The truth of the matter is, however, that Australians would
have had little comprehension of its staggering losses, of the amount of its young
blood that was spilled at Gallipoli, if it wasn’t for the typewriter. It was
only through typewritten accounts of the full horrors of Gallipoli – written
first by British war correspondent Ellis Ashmead-Bartlett on a green Empire
aluminium thrust-action typewriter, and later by Australian journalist Keith
Murdoch on a Corona 3 folding portable – that Australians (and Britons) got to
grasp the full extent of the Gallipoli slaughter. This much, at least, is
recognised in Robert Manne’s 2014 book (written with Chris Feik) “The Words
That Made Australia: How a Nation Came to Know Itself ”
Ashmead-Bartlett at his Empire.
Ashmead-Bartlett typed his letter on September 8, 1915, in the
fortnight following the abysmal failure of the August Offensive (Battle of Sari
Bair) on the Gallipoli Peninsula and the massive loss of Allied life.
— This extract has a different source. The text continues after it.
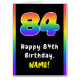 This cheerful and vibrant birthday-themed greeting card design features a large number “84“ having a vibrant multicolored rainbow spectrum inspired gradient pattern, along with the message “Happy 84th Birthday,”, and a custom recipient name. The inside features a custom birthday greeting message, or could perhaps be cleared and left blank if a message is to be written by hand instead. An upbeat, editable birthday greeting card like this might be a fun way to send birthday greetings to somebody who is celebrating their eighty-fourth birthday. [~Z0000628]

Ashmead-Bartlett wrote the letter on Imbros (now Gökçeada) in the Aegean Sea,
at the insistence of Murdoch, who was briefly visiting the Dardanelles. Murdoch
took the letter with him, intending to personally deliver it to British Prime
Minister Herbert Henry Asquith at 10 Downing Street, London. British military
authorities were tipped off that word of their incompetence was on its way to
Asquith, and intercepted Murdoch at Marseilles, relieving him of Ashmead-Bartlett’s
revealing letter. Murdoch continued on to London, where he typed his own
version of the Ashmead-Bartlett letter, using his recollections of it as well
as his own brief observations of the situation at Gallipoli. The Murdoch Letter
was mailed (not cabled) to Australian
Prime Minister Andrew Fisher in Melbourne.
Given the immediate impact of the Murdoch Letter, in both
Australia and Britain (where it had already been printed and circulated to
Cabinet members before it reached
Fisher) the use of typewriters is of enormous significance. Without them, and
without knowledge of what had been typed on them, the subsequent course of
World War I may have been very, very different. And if an Australia nation was,
as many still contend, born amid the blood on the beaches of Gallipoli, it was
the typewriter which got word of that birth out to the world.
I thereby rest my case. Australia Day and Typewriter Day
should be celebrated together – starting this very June 23.
1 comment:
Sounds like a good way to keep Typewriter Day from dying like what's happened to I.T.A.M.